Romancing the (Martial) Artist

Chapter 1: Crash Landing

I had finally worked up the courage to attend my first ever convention. I didn’t particularly have a huge budget, but I had been saving up for almost a full year just for this event. I probably would’ve gone last year, but, well, worldwide pandemic. I had even decided to try and enjoy the full experience with a fairly simple cosplay. Black slacks, red ‘silk’ shirt, some leather bracers, and my hair grown out and done up in a pigtail made a simple, yet effective costume of the Heir to the Anything Goes School of Martial Arts. Even if I was slightly shorter and not nearly as ripped as Ranma, my hair was perfectly black and with a touch of makeup I could even pass as Asian if no one looked too hard.
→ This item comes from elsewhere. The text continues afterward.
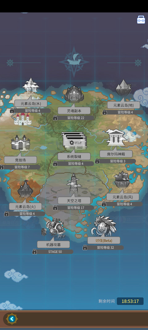 5、界面中心右侧是世界地图,到达一定的级别后会提式你点击它去另外一个地方执行挑战任务;

I was alone, but that didn’t hamper my enjoyment of flitting from stand to stand, purchasing things that particularly caught my interest and attending panels. The first day of the convention was winding down and I was about to return to the hotel room I was staying at when a voice called out to me.

“Hello there, stranger!” I turned to see a man dressed as the Resident Evil 4 merchant. Now, I was no stranger to fanfiction, having poured more hours than I could remember reading and writing all kinds of fanfiction. I had, over the course of my reading, come across a handful of Displaced stories, but thought nothing of what I believed to be a well made costume. Oh boy, if only I had been a bit more paranoid. Well, to be honest, if I knew he was the Merchant, I still would’ve probably done the same thing. Only much more eagerly.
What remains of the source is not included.